When the first pattern is input all the R nodes will light up to 0.21. The nodes compete as to which one gets selected as the winner and let us assume node 1 wins. Its pattern, the set of weights from R₁ to each C_i, is initially composed of all 1s. Now every location in C that is receiving a 1 from above and a 1 from below becomes 1 while all the other C nodes become 0. Five out of 5 of the 1s from the input pattern are matched, this is greater than 0.7, so resonance occurs and weights in the network are adjusted. The bottom-up weights are changed to:

b_i1 = L C_i
L - 1 + |C |

where |C | means the number of 1 bits in C. Therefore, every non-zero weight b_i1 becomes approximately 0.21. The top-down weights become:

t_1i = C_i,

making each t_Ji either 1 or 0, an exact copy of the C (and in this case, the I) pattern.

When the second pattern is input node 1 lights up to 1.039604 while the remaining nodes are all approximately 0.38 so node 1 is the winner. Node 1's pattern together with the input from I produce a pattern with only five 1 bits in C. 5/9 is less than 0.7, so node 1 is strongly inhibited by the reset control. Node 2 is selected as the next candidate. It matches 9 out of 9, resonance occurs and the weights are updated as before.

When the third pattern is input R₂ has a value of 1.044199 so it is checked first. There are 9 out of 13 matches, a ratio of 0.69 that is less than 0.7, so the search continues. Next node 1 is selected, its value is 1.039604, but only 5 out of 13 matches occur. Finally, node R₃ is selected, resonance occurs and the weights are updated.

When the fourth pattern is input, node R₃ lights up, there are 13 out of 17 matches, a ratio of 0.76, so the fourth pattern is classified as being in category 3.

If the value for r during the training process had been 0.8 a fourth category would have been created while if the value for r had been 0.2 only one category would have been created. Notice, then, that a low vigilance parameter produces a coarse grouping of patterns and a high vigilance parameter produces a fine degree of discrimination.
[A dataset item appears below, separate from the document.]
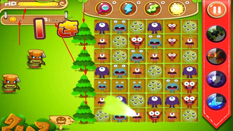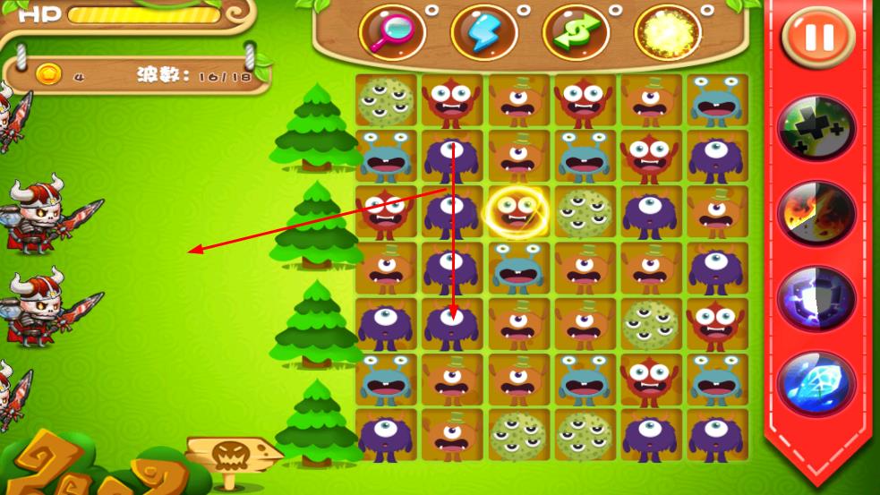 1、消除怪物应对左侧敌方单位,触发连击提升伤害,关注HP与波数进度,策略规划消除。

In general it may take a number of training passes for a network to learn all the patterns. Any given training pattern may be coded first in one category and later, in another pass, in another category. Once the categories have stabilized any member of the training set will be placed in the correct category on the first try.

11.5 LVQ1

The Learning Vector Quantization algorithm, version 1, (LVQ1) is a nearest neighbor algorithm where some prototype points for each class of pattern are moved around to try to maximize the probability of correctly classifying data. The first step in LVQ1 is to take data from each class and apply a clustering algorithm (such as the one in section 11.3 or possibly a more sophisticated one) to create a set of prototype vectors. Now for a training set data point, t_i, find the prototype point, p_n that is nearest to it. If p_n classifies the point correctly then move p_n closer to t_i using the formula:

p_n = p_n + a(t_i - p_n),

where a is some small value, such as 0.1 and a decreases with time. Otherwise if p_n does not classify the point t_i correctly then move p_n farther away from t_i using the formula:

p_n = p_n - a(t_i - p_n),

where again a is some small value that decreases with time. Repeat these steps for a large number of training set points and slowly decrease a.

As an example² we take the same training and testing data used in the DSM test in figure 3.7?. First, 12 prototype points, 7 from class A and 5 from class B, were generated using the 1000 training points and the clustering algorithm in section 11.1 with l = 0.1, 0.05 and 0.025 in three passes and a close enough distance of 5.0. These 12 initial prototype points gave a correct classification of 92.9% on the testing set of 1000 points. Then LVQ1 was applied using a = 0.1, 0.05 and 0.025 in three passes through the algorithm. This improved the classification to 95.4% on the test set.

As noted in section 3.2 the LVQ algorithms are new and so far they have been used less than back-propagation. Geva and Sitte [Geva 1991] show that DSM is better and faster than LVQ1 or back-propagation on some test cases but they note that the LVQ algorithms may be better on problems where the training set contains probabilistic errors or fuzzy class boundaries.

11.6 The Counter-Propagation Networks

The counter propagation networks of Hecht-Nielsen [Hecht-Nielsen 1987], [Hecht-Nielsen 1988] were each designed to be a kind of self-programming look-up table with some ability to interpolate between its table entries. They are therefore useful for doing approximations of real-valued functions. There are two versions of the network, the general version and the feed-forward version. The general version of the network has 5 layers and inputs are made on both the first and fifth layers. Processing flows both up and down and this counter flow of activation in the general version of the network is responsible for the name, counter propagation. We will look at the feed-forward version first and then the general version.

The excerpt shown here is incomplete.